Health care grumbles

WRITTEN BY JOHN DABBS

It is not a real estate topic, but it is a real issue for us all. Obamacare may suck for some and suit others, and Trump’s plan would have done likewise. But something is fundamentally wrong with the health care plan, the proposals and the structure it works in.

I write this from the perspective of a naturalized citizen of this country who found a legal way through the invisible wall to make a new life. I come from a third world country at the end of the alphabet and the bottom of the food chain, where the currency collapsed in 2008 without having anything to do with what we experienced here in the US. Pictured below is a bank not that was worth about US$10 back when it was printed. Later that day it was worth about US$1! At its worst, inflation was estimated to be in the billion-percent range.

Things actually got worse and a One Hundred Trillion Dollar Note entered circulation but now things have improved and the note above can be purchased as a curio for about a dollar in the local flea markets!

But, despite this debacle, I can relate a few positive anecdotes of the health care system out there. My elderly parents’ circumstances provided me with the material.

My father had eye surgery and the cost to him was the frame for a new pair of glasses.

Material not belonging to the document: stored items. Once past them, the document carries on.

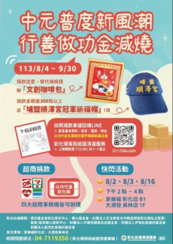 【焦點時報/記者林明佑報導】農曆7月民俗祭祀即將到來,彰化縣環保局彰揚中元普度新風潮,提倡紙錢「替代燒」方案,凡於8月4日起至9月30日期間前往四大超商以功代金捐款並指定「彰化縣」社福團體,即可憑超商捐款收據,上傳至彰化環保局紙錢清運Line帳號(ID:@158kcebh),兌換環保局向社福團體訂製的「文創咖啡包」乙份,並且,單筆捐款金額達300元(含)以上,即可贈送埔鹽順澤宮冠...... [閱讀更多]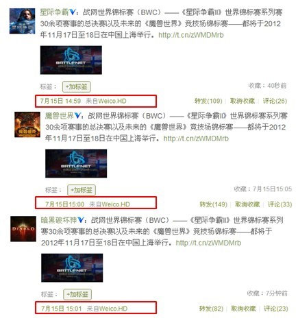 魔兽世界、星际争霸2已经由网易获得国服代理,战网竞标赛消息由这两个官方微博账号发布并无问题,但纰漏出现在,暗黑破坏神官方微博同时发布一模一样的微博,并且,这3条官方微博都由 “weico HD”发布,且间隔时间不足1分钟,内容、链接地址完全一样。而这样3个暴雪产品官博发布同样消息的情况,已经出现过多次。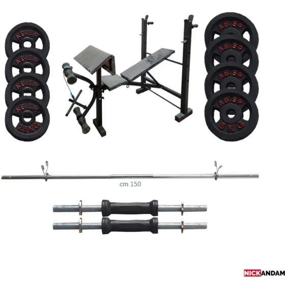 دستگاه بدنسازی 12 کاره خانگی پروفیل 50+ وزنه+ هالتر+ دسته دمبل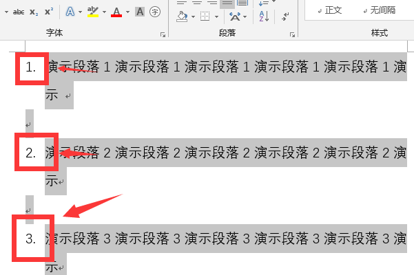 3、这时每段文字前面将会自动添加上序号: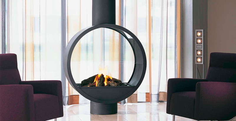 - Двухсторонний камин представляет собой отдельно стоящий камин, который подходит для сжигания газа или древесины.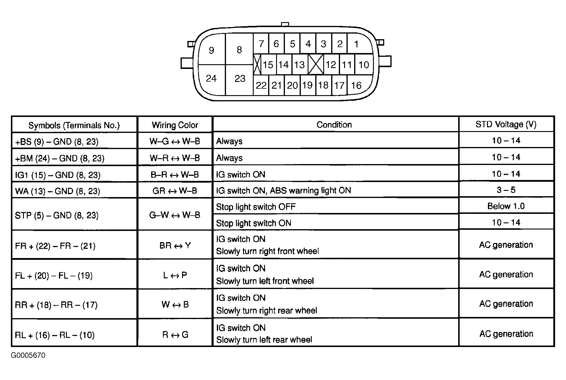 Fig 1: ABS Actuator/ECU Standard Values Chart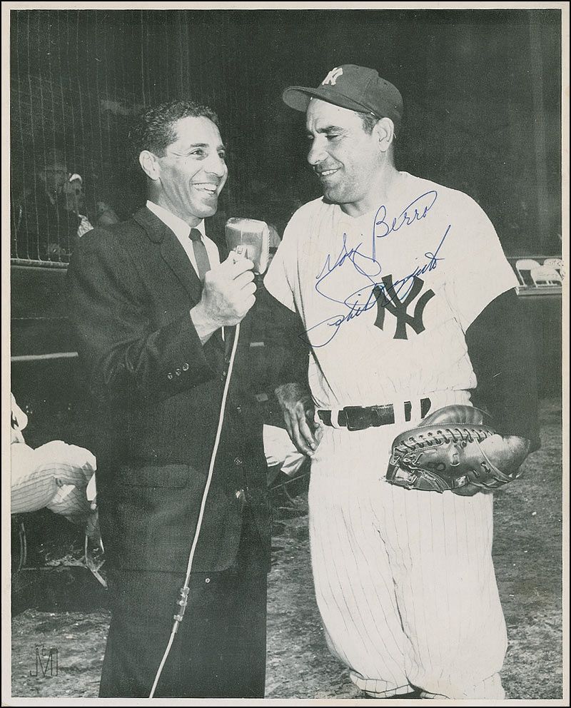 Vintage 8 x 10 cardstock photo of Rizzuto interviewing Berra before a game, signed in blue ballpoint by Yogi Berra and Phil Rizzuto. Some scattered light creases and surface marks and a small ding to lower portion of image, otherwise fine condition.

Last year my mother was rushed to the ER clinic by ambulance at midnight and spent three days in the Intensive Care unit. Total out-of pocket expenses: US$200 to the doctor.

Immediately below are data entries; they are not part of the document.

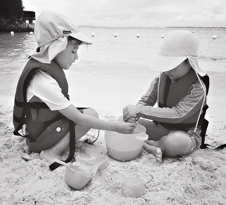 "These two preferred to stay and build sand castles than go snorkeling with the boys."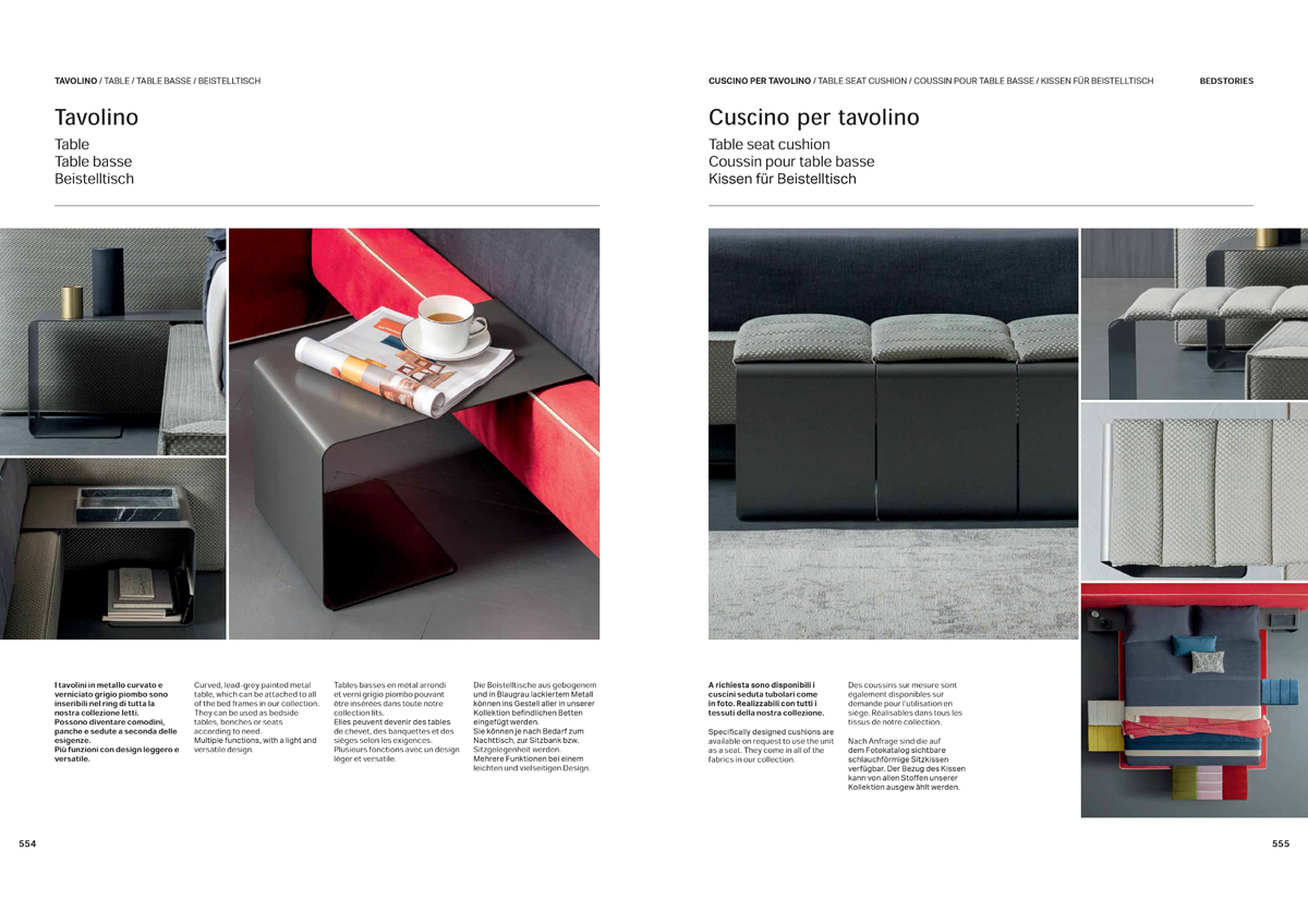 I tavolini in metallo curvato e verniciato grigio piombo sono inseribili nel ring di tutta la nostra collezione letti. Possono diventare comodini, panche e sedute a seconda delle esigenze. Più funzioni con design leggero e versatile. A richiesta sono disponibili i cuscini seduta tubolari realizzabili con tutti i tessuti della collezione.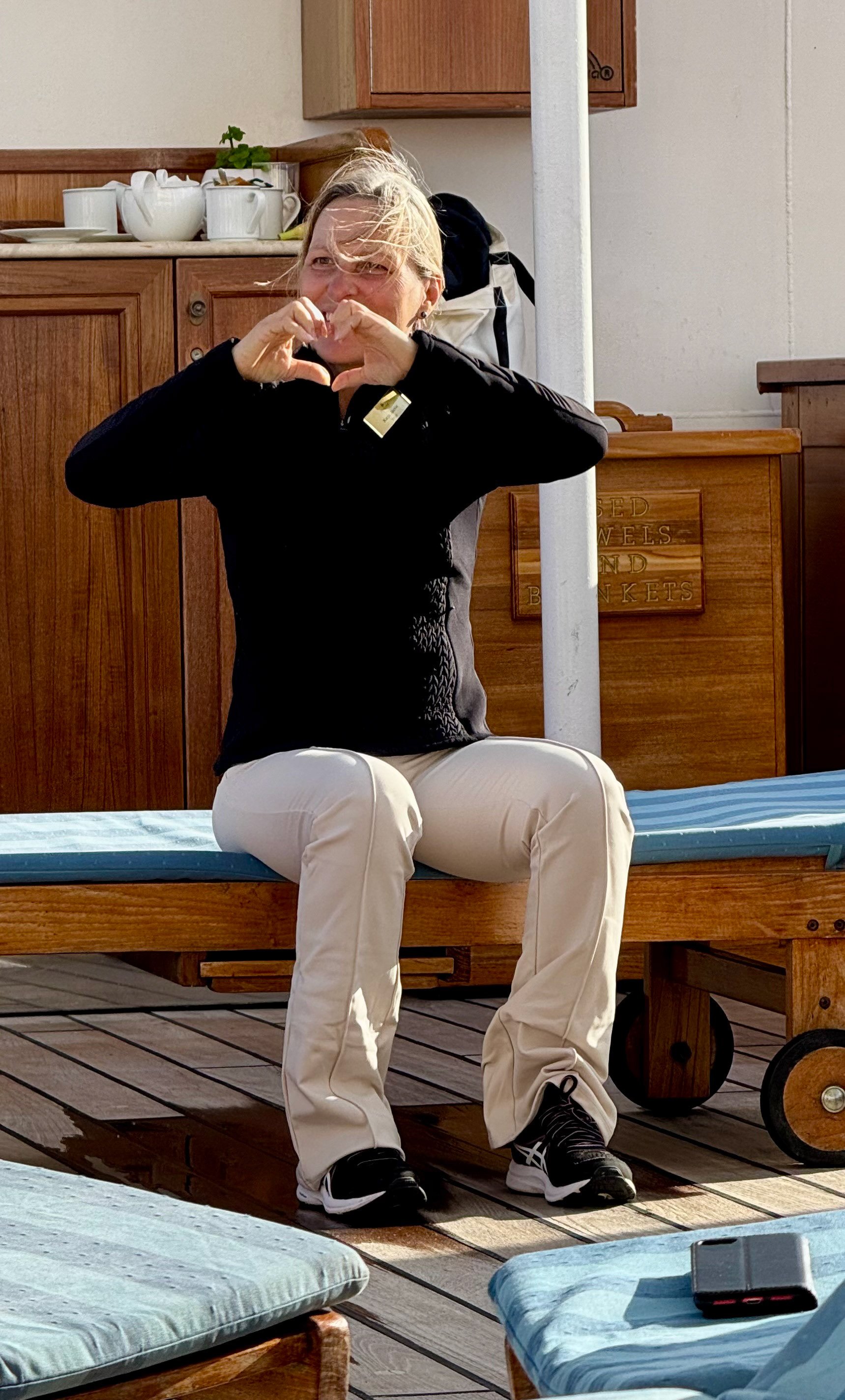 En expirant doucement par le nez, roule les dos de tes mains de façon à ce que les ongles de tes quatre doigts se touchent et que l’intérieur de tes pouces se rejoigne, formant un magnifique cœur.

Last month she was put on a regime of Xarelto. One month’s supply purchased there, including tax is US$130. I checked two suppliers here for prices without any insurance cover: USD330 a month and US$440. It should be the other way around.

It is not the doctors milking us here, it is the sponge of large pharma and insurance companies endemic to the system, I would speculate.

BTW, the cost of my mother’s insurance is US$62 a month. “Not sustainable” I hear you say but it has been in place since 1980, and before, and survived the currency crisis noted above. It should be a walk in the park for us, then, to get something going.